Furthermore, the server can provide its own external viewer
application to send files from the client's machine to the server.
Before asking the user for files, this server asks the user if he's
using a browser which supports the "file" TYPE. If he's not, then the
server provides the user with a link to a trusted "sendfiles"
application and instructs the user to retrieve it, install it on his
machine, and configure his browser to use it as an external viewer.
For the user, this would be as easy as installing any other external
viewer of images, sound files, or whatever. Once this application is
installed, the browser responds to data of the new MIME type by
launching this external "sendfiles" application, which asks the user
to confirm transmission of the displayed files and then sends the
files to the server (after encoding, compression, etc.)

Another advantage of the proposed approach is that a server, if it
chooses, can delay the request for the files until a later form is
submitted. The server can store file information submitted with
several forms and respond with new forms until the user submits a
specific form.

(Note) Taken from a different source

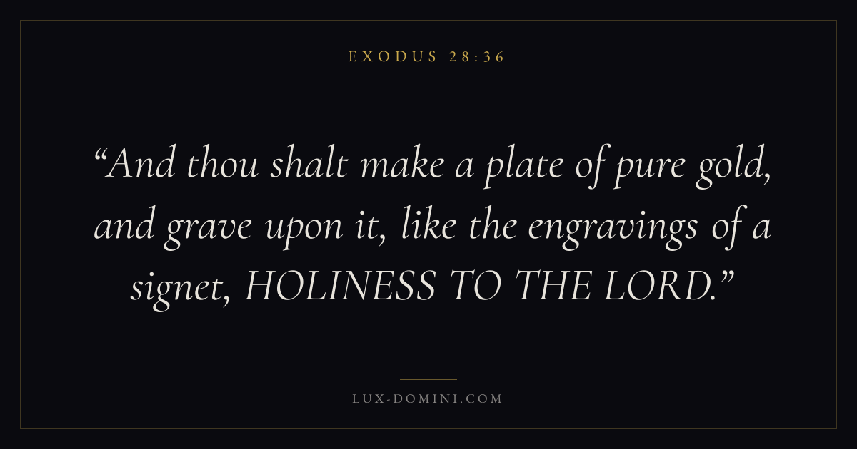 And thou shalt make a plate of pure gold, and grave upon it, like the engravings of a signet, HOLINESS TO THE LORD.

Then, the server responds with the new MIME type to
initiate the actual file transfer.

IV. Conclusion
The suggested implementation gives the client a lot of flexibility in
the number and types of files it can send to the server, it gives the
server control of the decision to accept the files, and it gives
servers a chance to interact with browsers which do not support INPUT
TYPE "file".

The change to the HTML DTD is very simple, but very powerful. It
enables a much greater variety of services to be implemented via the
World Wide Web than is currently possible due to the lack of a file
submission facility. This would be an extremely valuable addition to
the capabilities of the World Wide Web.